Ce 15 septembre, l’Organisation des Moudjahidine du peuple d’Iran (OMPI/MEK) a publié les noms de 56 autres martyrs du soulèvement national du peuple iranien en novembre 2019. Vingt d’entre eux sont des martyrs de Mahshahr abattus dans les marais de roseaux par les agents de Khamenei. Jusqu’à présent, les noms de 811 martyrs du soulèvement ont été publiés. L’OMPI a annoncé le 15 décembre 2009 que le nombre de martyrs de novembre est supérieur à 1 500.

Bien que 10 mois se soient écoulés depuis le soulèvement de novembre, le fascisme religieux en Iran craint les conséquences de ses crimes contre l’humanité et malgré les appels nationaux et internationaux, des dirigeants et divers organes du régime, y compris Rohani, le Haut Conseil de sécurité, le ministère de l’Intérieur, le Parlement, les forces de l’ordre et la médecine légale se renvoie mutuellement la charge de publier les chiffres des victimes en s’imaginant qu’avec le temps, cela finisse par être oublié.

« Ces chiffres sont aux mains de la médecine légale du pays (…) Ils peuvent être annoncer sans problème », avait déclaré Rohani le 15 février à propos des tués de novembre. Le 16 février, le chef de l’Organisation de médecine légale a déclaré : « La résolution du Conseil national de sécurité, présidé par le ministre de l’Intérieur, affirme que le gouvernement doit annoncer les chiffres (…) Nous avons informé les autorités compétentes et n’avons aucune obligation de les annoncer publiquement (…) Vous pouvez demander toutes les informations au ministre de l’Intérieur. » Ali Rabi’i, le porte-parole de Rohani, a déclaré le 18 février : « Les chiffres exacts seront annoncés prochainement par les autorités compétentes, et dans les prochains jours, ces chiffres seront annoncés par l’une des organes responsables. »

Quelques mois plus tard, le ministre de l’Intérieur, Rahmani Fazli, a avoué implicitement la mort de plus de 200 personnes dans une interview accordée à la télévision du régime le 30 mai, déclarant : « Il a été question de 10 000 morts, de 8 000, de 7 000, de 6 000. Il a aussi été question de 2000, mais bon, maintenant, si Dieu le veut, le nombre sera annoncé ces jours-ci, et ce n’est pas du tout ces chiffres!

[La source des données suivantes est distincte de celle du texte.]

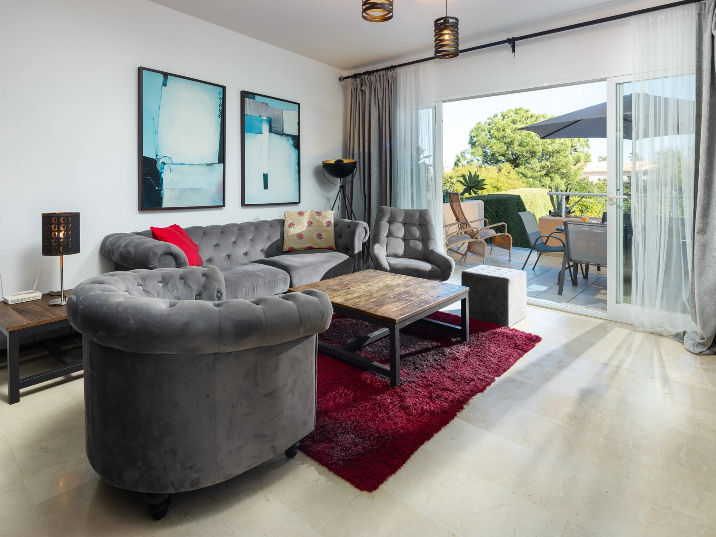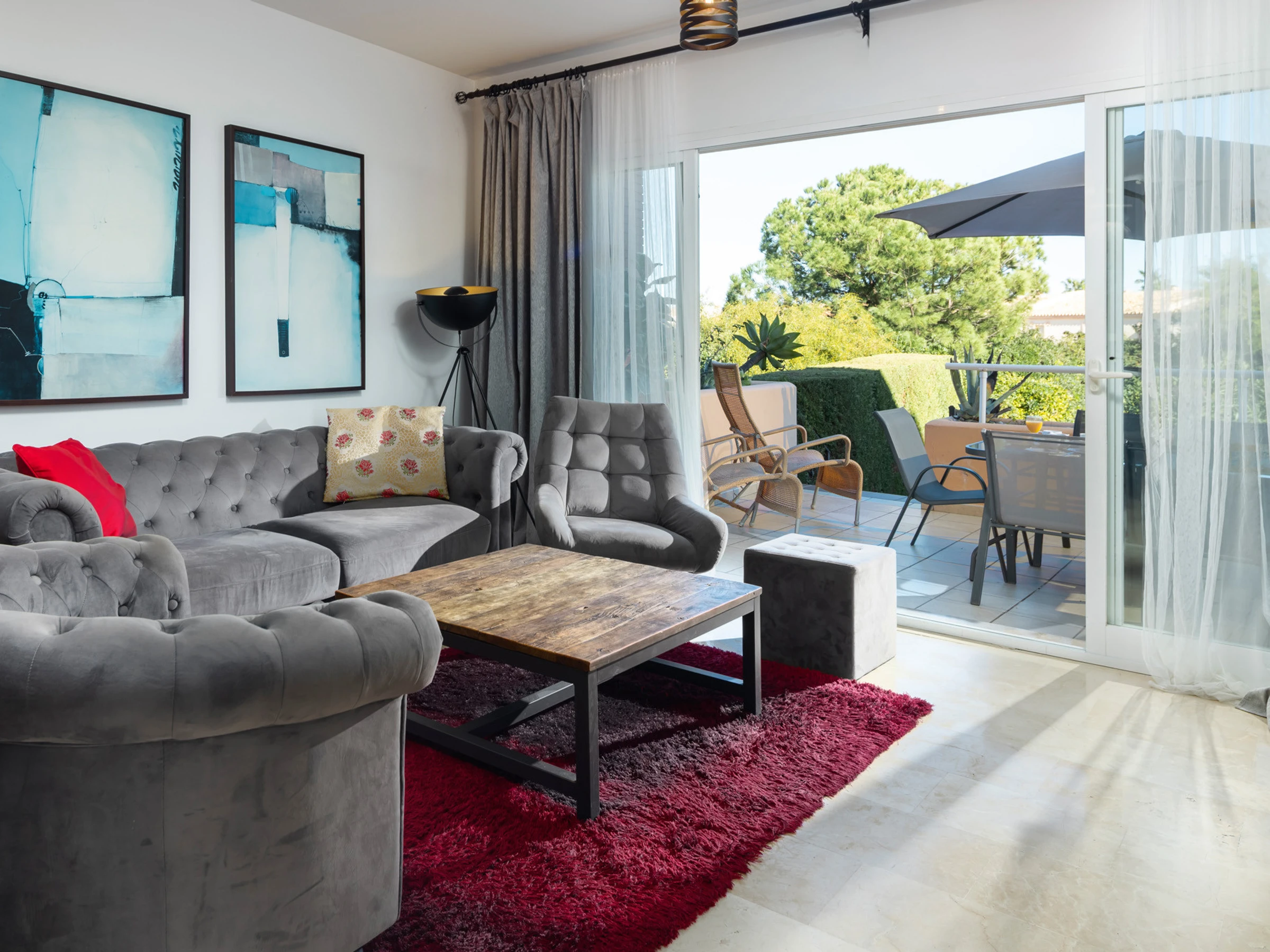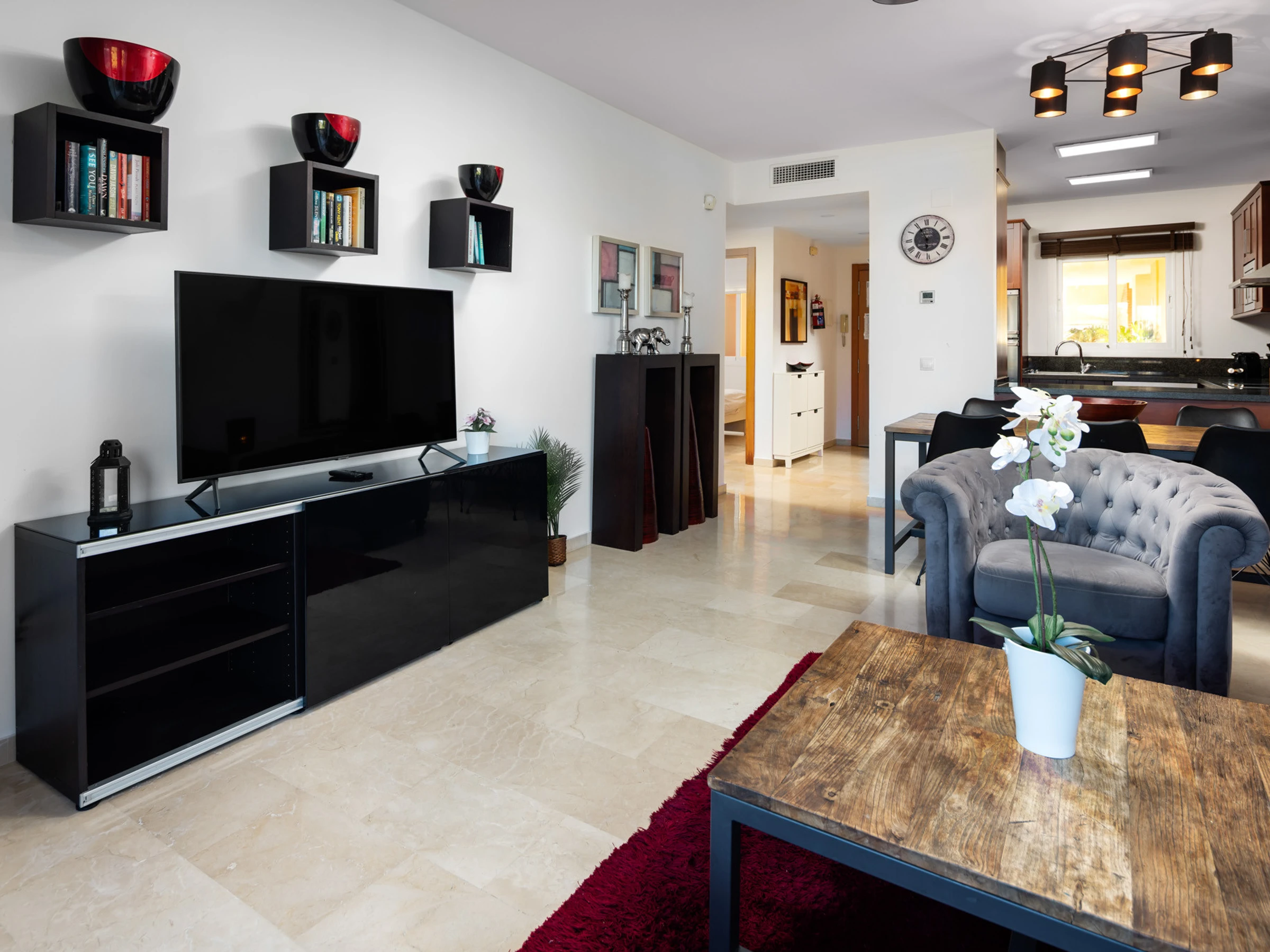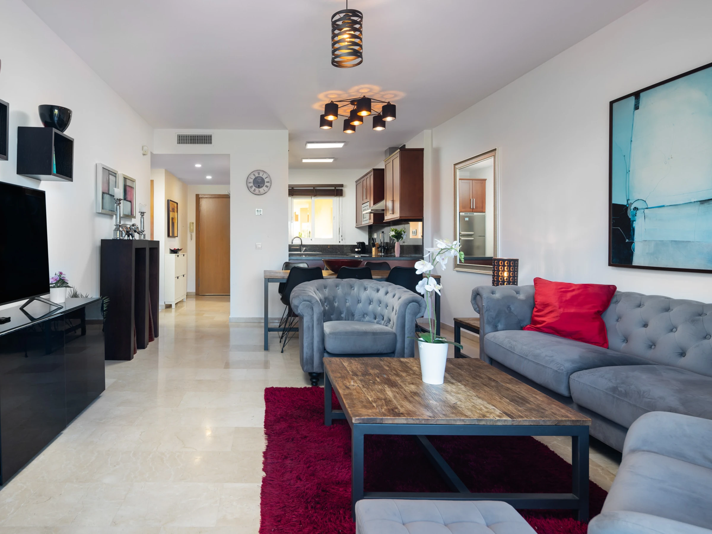 The accommodation is equipped with the following items: lift, garden, garden furniture, 25 m² terrace, washing machine, dryer, iron, safe, internet (Wi-Fi), hair dryer, childrens area, tennis court, heat pump, air-conditioned, swimming pool communal+children's, heated swimming pool communal, open-air parking in the same building, 3 TVs, satellite tv (Languages: Spanish, English).

Je veux dire que seulement 20% de ce nombre (…) plus de 40 à 45 personnes sont considérées comme des martyrs. Elles sont descendues dans la rue complètement innocentes et ont été tuées avec des armes d’une manière qui n’est pas du tout celle des forces de sécurité et du reste des organes. »

Rahmani Fazli est celui qui a répondu à un député du Majlis qui lui avait demandé: «Deux personnes de ma circonscription sont mort d’une balle dans la tête. N’était-il pas possible de tirer au moins dans les jambes ou sous la ceinture ? » Il avait répondu sans vergogne : « Mais on a aussi tiré dans les jambes ! » (Etemad 17 décembre 2019).

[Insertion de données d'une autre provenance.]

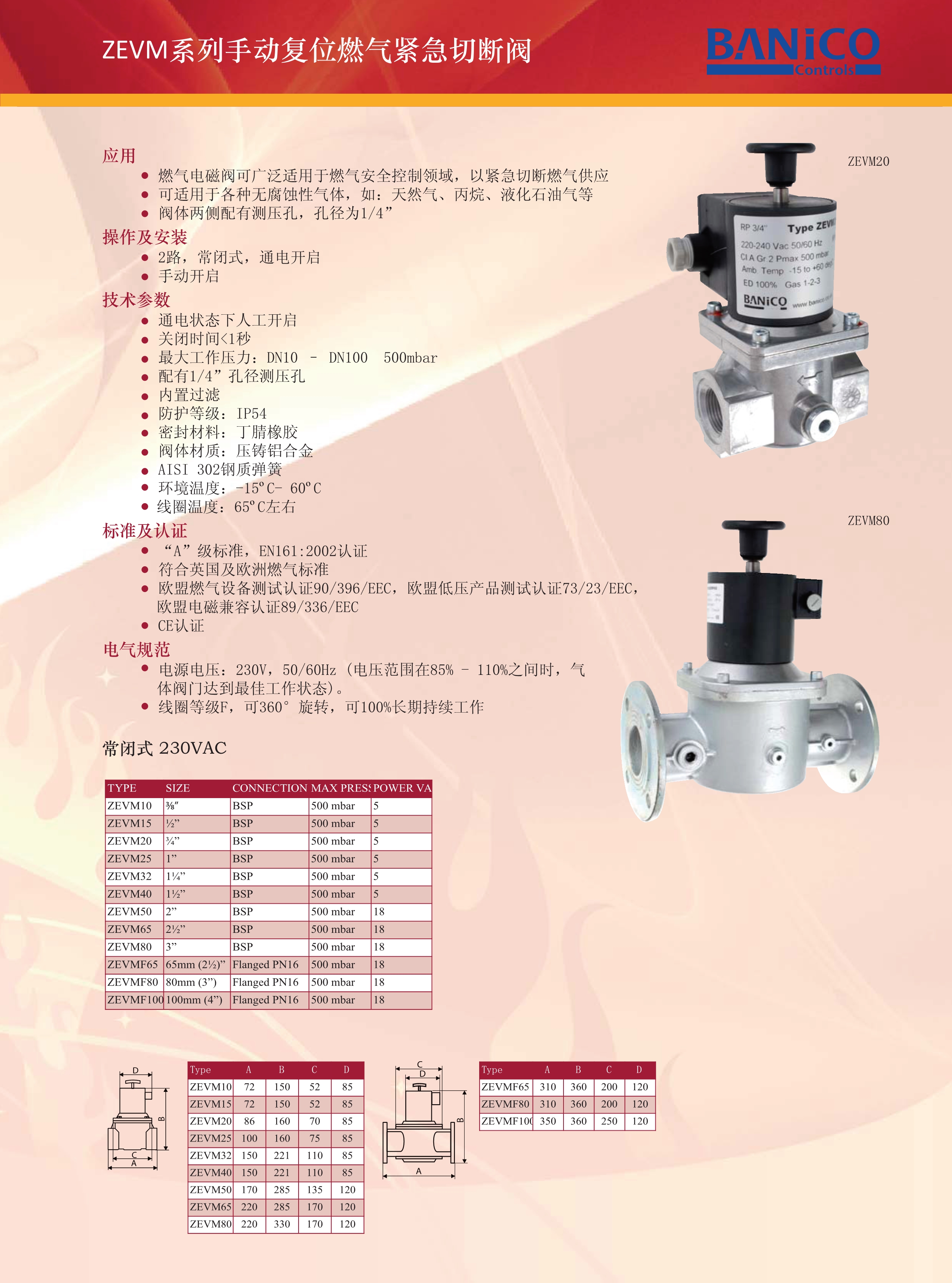 BANICO博尼科ZEVM系列手動復(fù)位燃氣緊急切斷閥
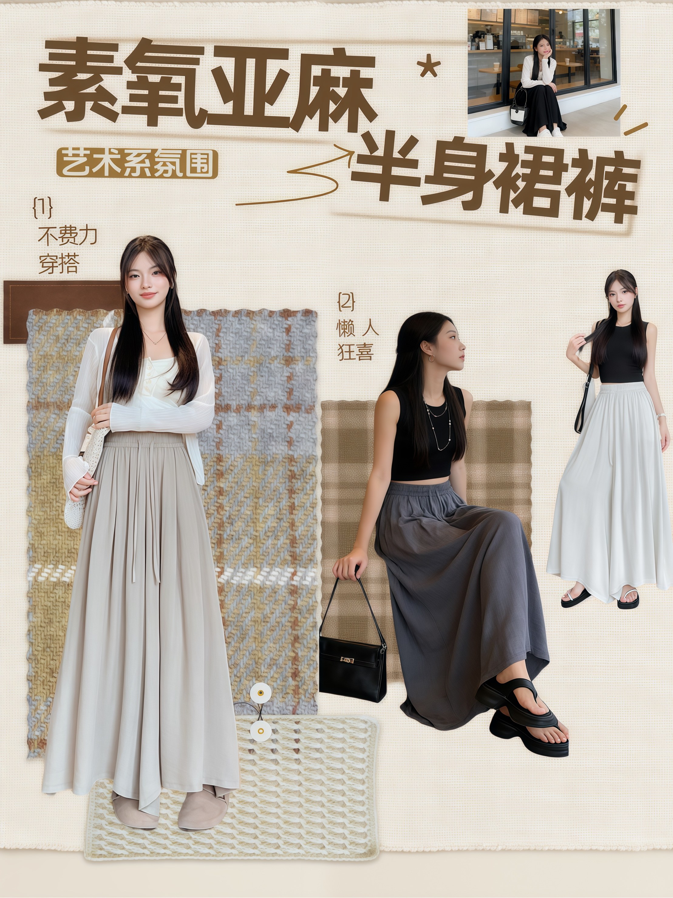 【GeLaiZi-素氧亚麻半身阔腿裙裤】软糯丝滑亚麻面料 自带空气感 遮胯藏肉 修饰腿型 拉高腰线 不挑年龄身材 轻松Get松弛感 微胖通勤约会百搭神裤

Le 1er juin, le mollah criminel Mojtaba Zulnouri, président de la commission de la Sécurité nationale du Majlis, avait déclaré : « Nos forces militaires et de sécurité ont tout fait pour que personne ne soit touché (…) Les médias étrangers ont fourni de faux chiffres et cité entre 1500 et 10.000 personnes. Dans l’ensemble, c’est un nombre lourd, mais malheureusement, nous avons eu 230 morts lors des incidents de novembre. »

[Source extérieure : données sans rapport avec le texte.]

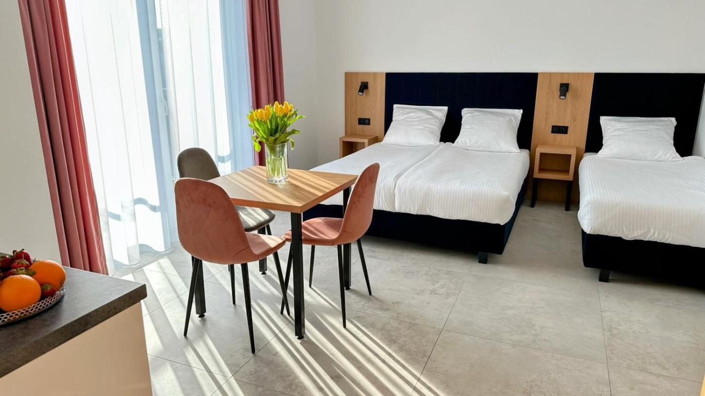 Pokój czteroosobowy z prywatną łazienką. The kitchen is equipped with a stovetop, a refrigerator and kitchenware. The quadruple room provides a tea and coffee maker, a dining area, a terrace with garden views as well as a private bathroom featuring a shower. The unit offers 3 beds. Pokój Czteroosobowy - 4 osobowy. Powierzchnia pokoju ok.: 27 mkw.
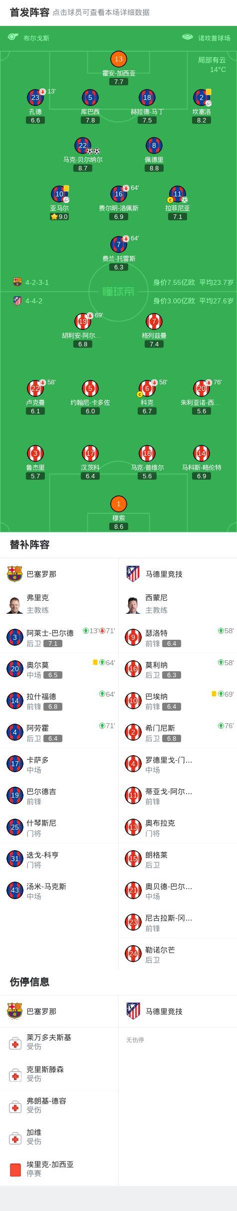 第13分钟,孔德早早伤退,巴尔德替补登场

Rendant hommage à la population insurgée et la jeunesse rebelle de Mahshahr, Mme Maryam Radjavi, présidente élue du Conseil national de la Résistance iranienne (CNRI), a qualifié le massacre de novembre 1998 et les tortures brutales des prisonniers d’exemples clairs de crimes contre l’humanité. Elle a ajouté que les crimes contre l’humanité et les génocides commis par la dictature religieuse ont commencé avec les exécutions massives des années 1980, ont atteint leur apogée dans le massacre de 1988 et ont continué avec la tuerie de novembre 2019 et les tortures sauvages des manifestants arrêtés, et les exécutions des manifestants du soulèvement comme Mostafa Salehi et Navid Afkari.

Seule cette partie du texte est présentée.